The results presented in the MS suggest that the KCa3.1 activator, SKA-121, may suppress production of  IL-8 and IL-10 in  THP-1-derived, M2-marophages    through  both ERK-CREB and JNK-c-Jun cascades, thereby reducing the pro-tumorigenic macrophage activity.

My comments and suggestions:

1. The functional effects of only a single dose of SKA-121 (1μM) have been studied. It is important to show the dose-dependence (or independence) of SKA-121 effects on macrophages.
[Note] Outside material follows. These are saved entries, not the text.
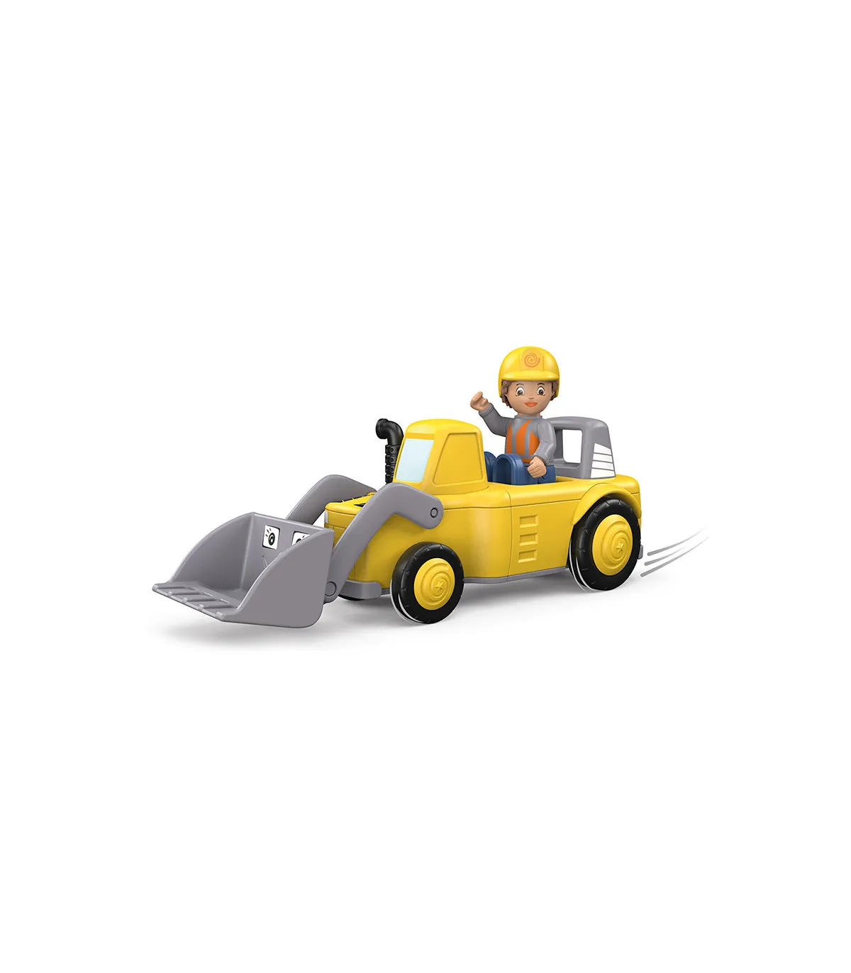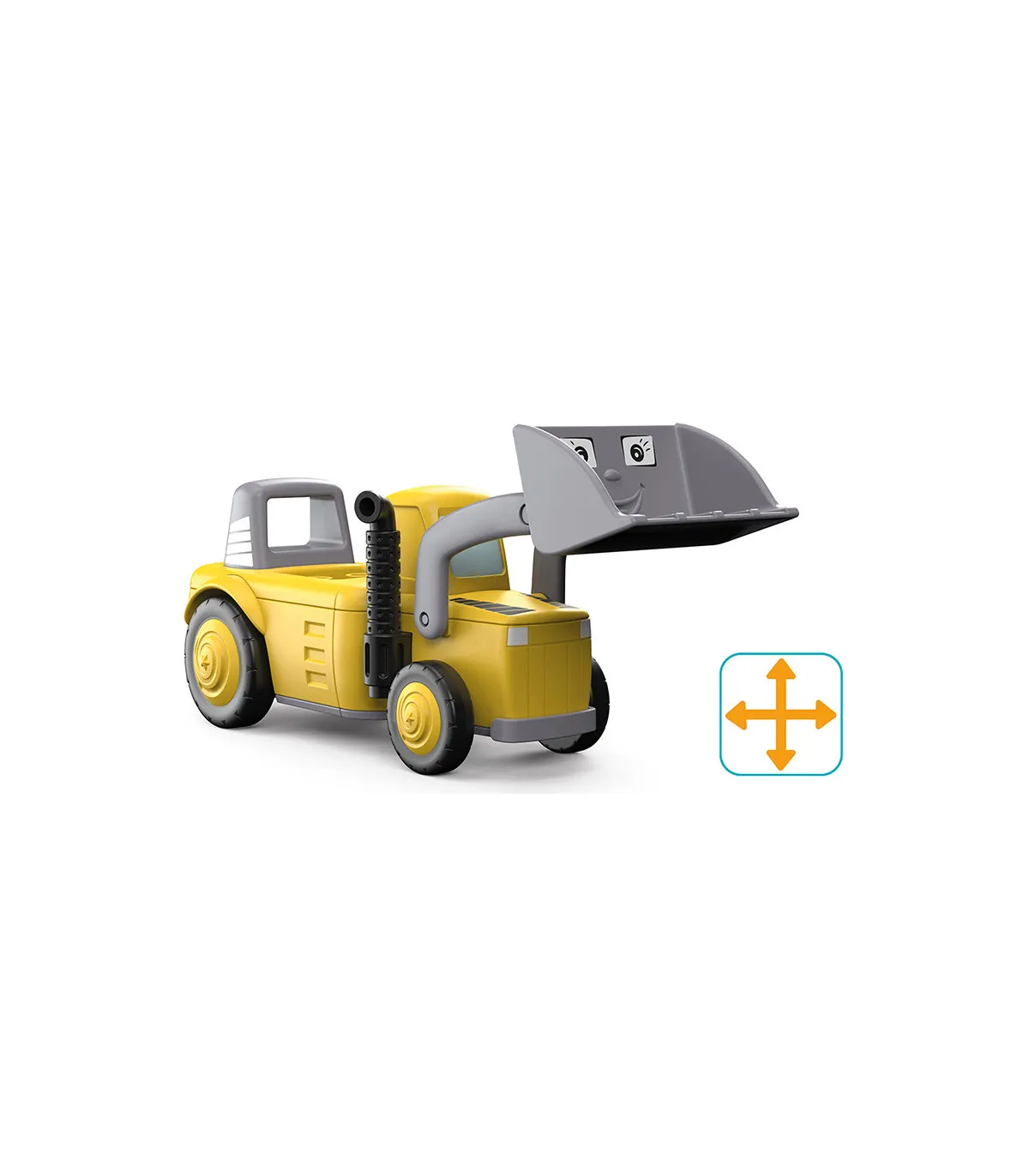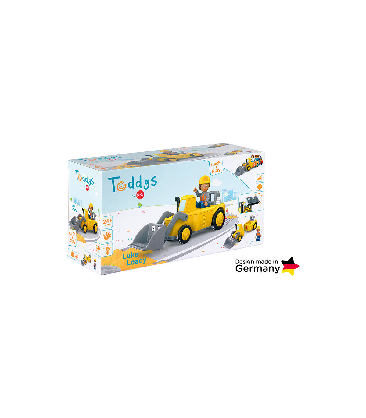 Luke y Loady, el cargador de ruedas amarillo, forman un equipo realmente fuerte. Su lema es: “¡Sigamos atrapados! ¡Ponte el casco y nos vamos! Los dos no tienen ningún problema para enfrentarse a un enorme montón de piedras o arena. Están felices cuando todos sus amigos en el mundo de Toddys pueden viajar con seguridad y no hay baches que puedan causar accidentes. Luke se arremanga y le echa una mano a Loady siempre que puede. Hay un agujero en el camino, así que Loady lo llena con arena y grava usando su súper pala para repararlo. Luke salta detrás de los controles y los dos pasan varias veces sobre el agujero lleno para compactarlo. ¡Brillante! El agujero ya ha sido llenado y los dos inspeccionan con orgullo su trabajo. Y ahora vamos a la siguiente obra. Emocionante juguete de primera calidad para niños a partir de 24 meses, con motor de fricción (motor volante) para fomentar la motricidad fina, la constancia, la paciencia y la diversión. El muñeco de Luke tiene partes móviles: la cabeza se puede girar, los brazos se pueden levantar y las piernas se pueden doblar. El vehículo Loady se puede dividir en dos partes y combinar con otros vehículos Toddys. La pala móvil y el enganche del remolque también estimulan la experiencia de juego. Luke Loady es compatible con componentes de otros fabricantes. Sistema siku “Click&Play”: Fácil de combinar gracias al sistema de giro y empuje de las piezas del vehículo
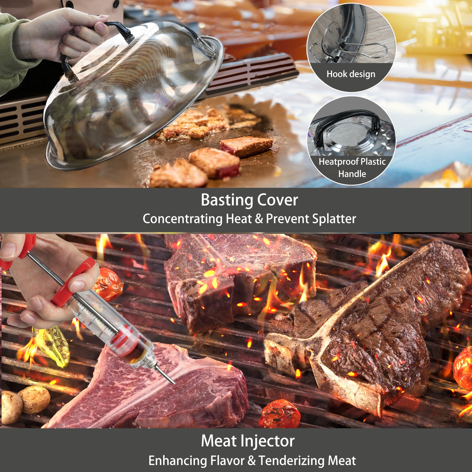【Complete 135-Piece Griddle Accessories Kit】The KingChii kit offers a comprehensive set for all your grilling needs: 1 * Spatula, 1 * Slotted spatula, 1 * Basting cover, 1 * Grill tongs, 1 * Grill fork, 1 * Meat knife, 1 * Basting brush, 1 * Fish turner, 1 * Chopper, scraper, 2 * Sauce dispenser(16oz), 4 * Egg rings, 2 * Spice shaker, 1 * Scissors, 1 * Silicone gloves, 1 * Meat thermometer, 1 * Meat injector, 1 * Apron, 1 * Cleaning Brush, 1 * Storage bag, 10 * Hooks, 100 * Bamboo skewers. Everything you need for a professional BBQ experience.【Durable & Heat-Resistant Materials】Made from high-quality PP, metal, ABS, PE, and silicone, these grill tools are built to last. The heat-resistant and rust-proof design ensures your tools will remain reliable for every BBQ session, while the silicone gloves provide extra protection when handling hot items.【Versatile Tools for All Cooking Styles】With specialized tools like a fish turner, meat injector, and egg rings, this set is perfect for grilling, frying, marinating, and more. The bamboo skewers are great for kebabs, while the chopper/scraper makes food prep and griddle cleaning simple and efficient.【Easy to Clean & Store】All tools are dishwasher-safe for quick cleanup, and the included storage bag keeps everything organized for on-the-go use. The cleaning brush and silicone gloves ensure safe and easy maintenance of your grilling tools.【Perfect for All Occasions】Whether you are hosting a backyard BBQ, camping, or grilling by the beach, the KingChii 135-Piece Kit has you covered. Its wide range of tools allows you to prepare anything from juicy steaks to delicate fish and veggies with ease.【Great Gift for BBQ Lovers】This all-inclusive set makes the perfect gift for any grilling enthusiast. With 135 pieces packed into a durable storage bag.
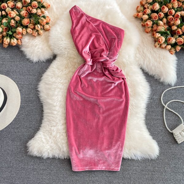 Sexy Women Bodycon Party Dress Summer Diagonal Collar Sleeveless High Waist Off Shoulder Slim Vestidos Ladies Velvet Robe
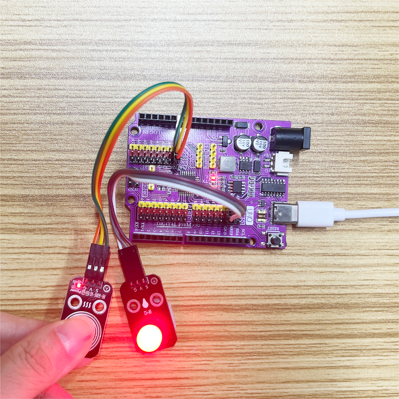//led็ฏๆจกๅunoๅผๅๆฟๆฅD13ๅผ่๏ผๆฐด่ธๆฐไผ ๆๅจๆฅunoๅผๅๆฟA0ๅผ่
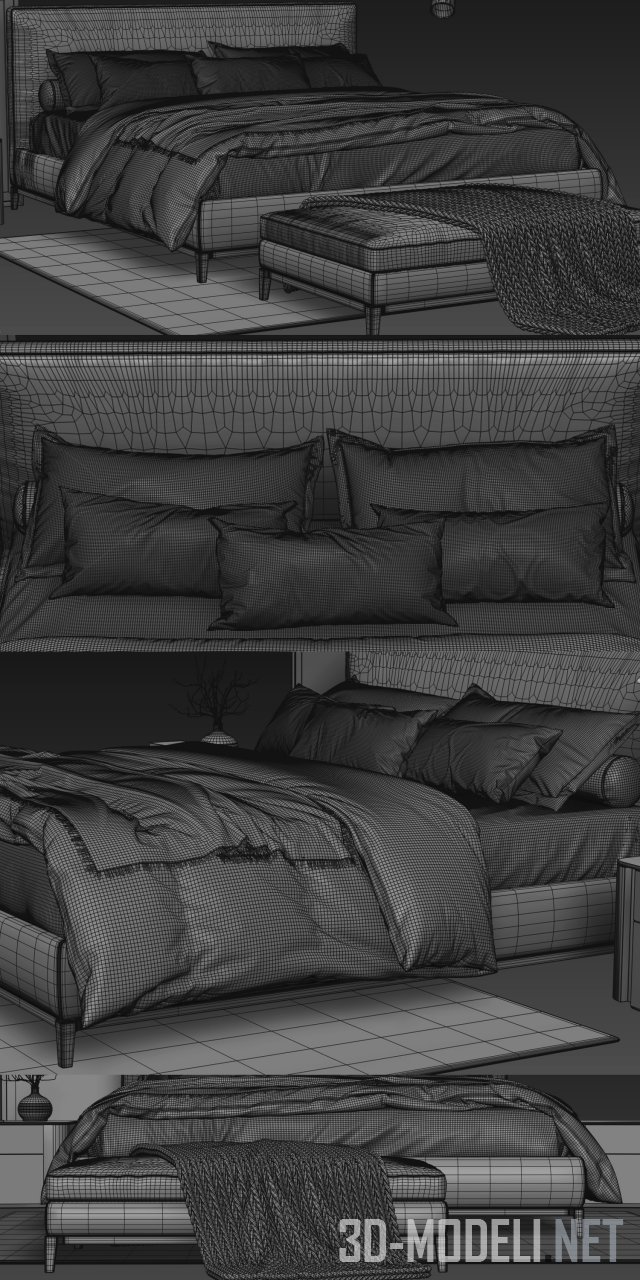 Кровать Minotti Andersen, с банкеткой и вязаным пледом
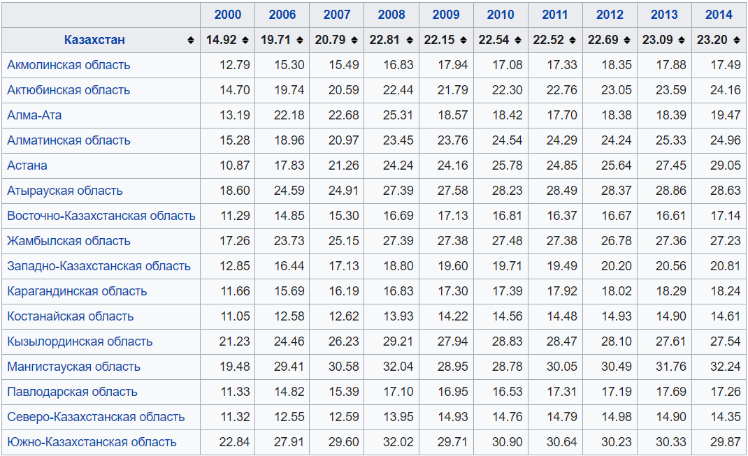 Общий коэффициент рождаемости по данным Агентства Республики Казахстан по статистике за эти годы, по областям и городов республиканского значения (в %) [42].
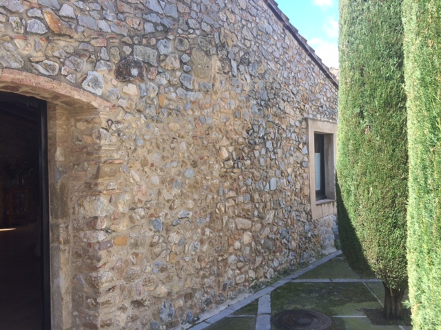 Rehabilitación de la fachada y de los espacios exteriores de la masía, preservando y poniendo en valor la arquitectura rural empordanesa, respetando sus materiales, proporciones y elementos constructivos tradicionales.
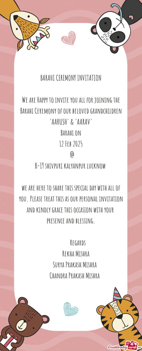 Please treat this as our personal invitation and kindly grace this occasion with your presence and shower your blessings.
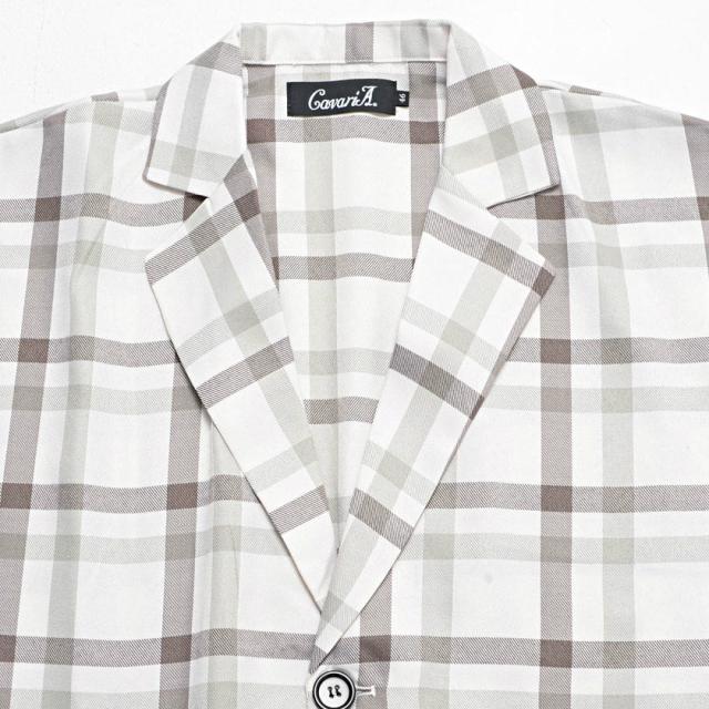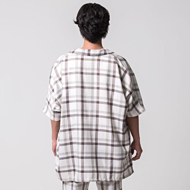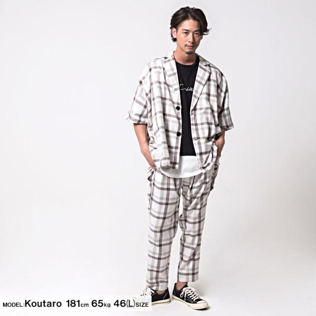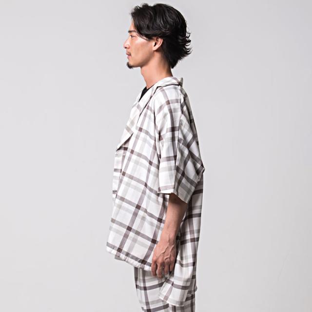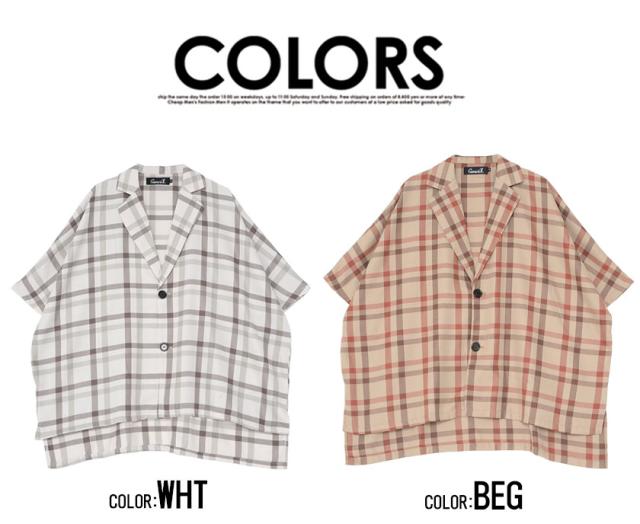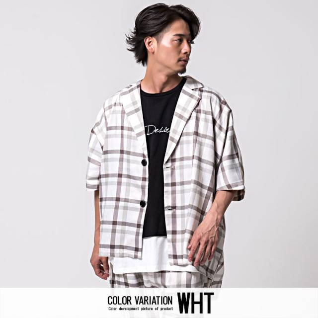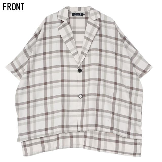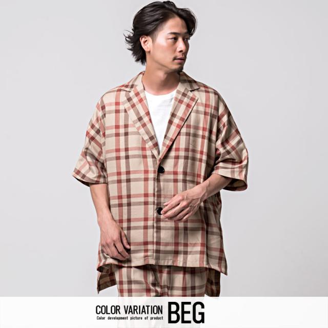 シャツジャケット メンズ CavariA キャバリア チェック柄ビッグシルエットシャツジャケット 即日発送 トップス 羽織り 5分袖 ラペル 開襟 大きいサイズ セットアップ可 ホワイト ベージュ M L レトロ BITTER系 ビター系 春 夏 [CARE20-39]
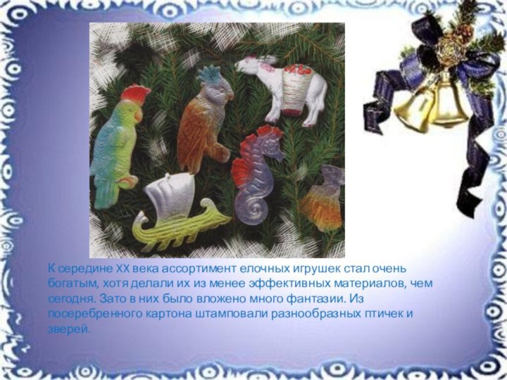 чем сегодня. Зато в них было вложено много фантазии. Из посеребренного картона штамповали разнообразных птичек и зверей.
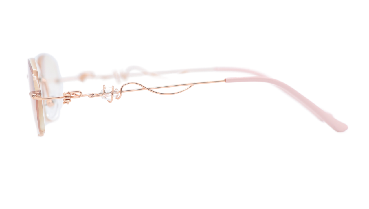 These exquisite rimless eyeglasses offer a unique blend of artistry and elegance, highlighted by intricately designed temples with a twisted, serpentine pattern. Crafted with precision, these frames provide a lightweight and comfortable fit, perfect for all-day wear.
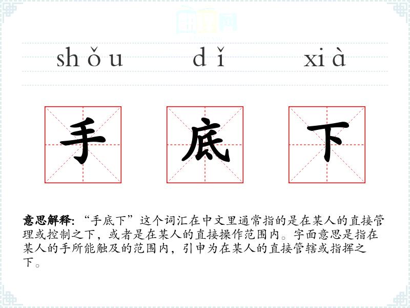 “手底下”这个词汇在中文里通常指的是在某人的直接管理或控制之下,或者是在某人的直接操作范围内。字面意思是指在某人的手所能触及的范围内,引申为在某人的直接管辖或指挥之下。

2. The total (pro- tumorigenic or anti-tumorigenic) action of macrophages on the tumor is determined by the balance of the M2 and M1 functionalities opposing each other. Therefore, from a therapeutic point of view, it is important to evaluate (or, at least, to discuss) the action of SKA-121 not only on M2, but also on M1 macrophages generated from THP-1 cells under the influence of LPS and IFN-gamma.